Abstract

This paper explores the politics of ‘waiting’ as a mode of governance in large-scale urban redevelopment projects. In designated renewal areas, residents/landowners are often subject to several episodes of waiting: waiting for the public authority for information on redevelopment visions; waiting for the plans and projects to become public; waiting for the court ruling if they appeal the plans; waiting for demolition upon plan approvals; and, finally, waiting for the constructions to be completed. Given the complexity of actors and institutions involved in the waiting, it becomes a conflictual political process.
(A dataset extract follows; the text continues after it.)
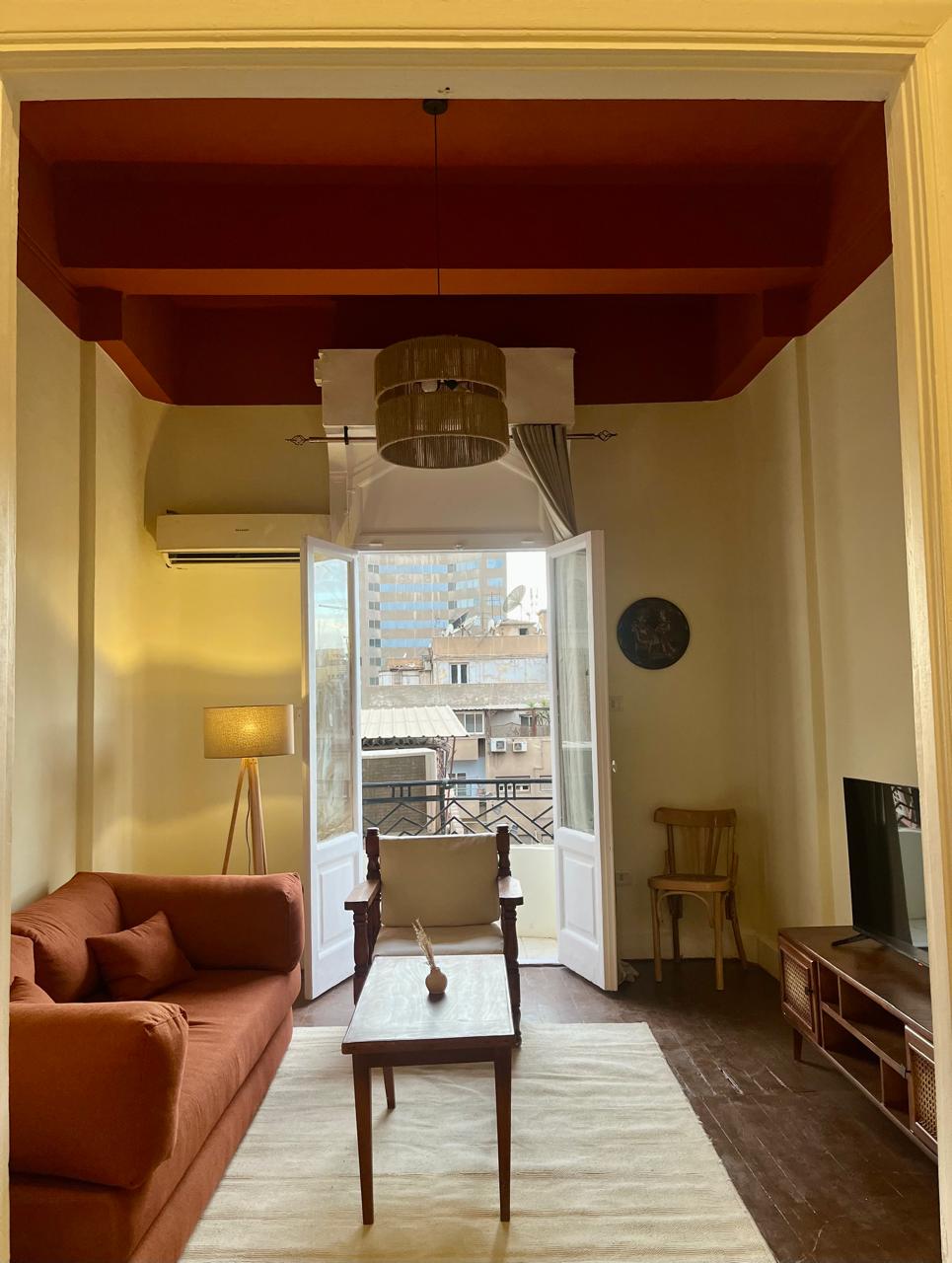 Historical,Nostalgic & Brilliant appartement located in the heart of down town of cairo . A large,comfortable living room with a 48 Inch smart TV,Wifi,Coffee corner and a sofa bed that can be opened for one extra person ,enjoying a very sunny view ,Fully loaded kitchen & A cozy bathroom, A well Air-conditioned bedroom features a comfortable queen size bed in addition to a lovely dining table,The unit is completely a brand new & 3 Mints to the Egyptian Museum,Tahrir square & River Nile.
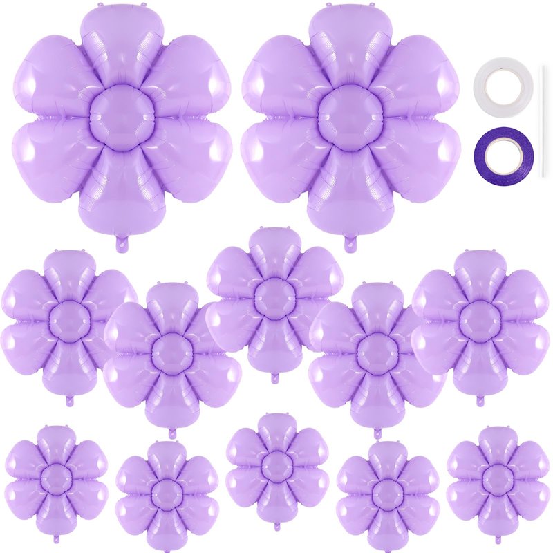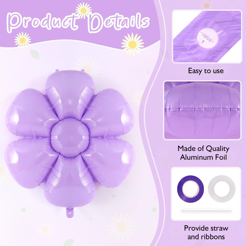 - Package includes: You will receive a set of 12 pcs purple daisy balloons, including 2 pcs large 43 inch daisy balloons, 5 pcs medium 28 inch daisy balloons, and 5 pcs small 20 inch daisy balloons; In addition, there is a roll of yellow ribbon, a roll of white ribbon, and an 8 cm/3.1 inch straw in sufficient quantity. Different sizes of daisy balloons meet your daily party use and replacement needs

This prolonged waiting leads to an ongoing temporariness and precarious spaces of urban renewal. The course of waiting affects the reorganization of the city space “ now” and in the future. We analyze two protracted urban renewal projects from Turkey, Fikirtepe in Istanbul and Karabaglar in Izmir, to explore how residents’ decade-long waiting for urban change are shaped and how these diverse waiting experiences lead to different outcomes for the progression of the state-imposed urban renewal agendas. While Karabaglar residents have unified around active bottom-up resistance from the beginning to challenge the project-based plans the central government imposed, Fikirtepe residents pursued individual-level negotiations with developers to maximize private returns following the zoning incentives the public authority gave. Despite the socio-spatial similarities between these designated urban renewal project sites, variances in residents’ collective waiting strategies have led to different urban politics around project-based urban change.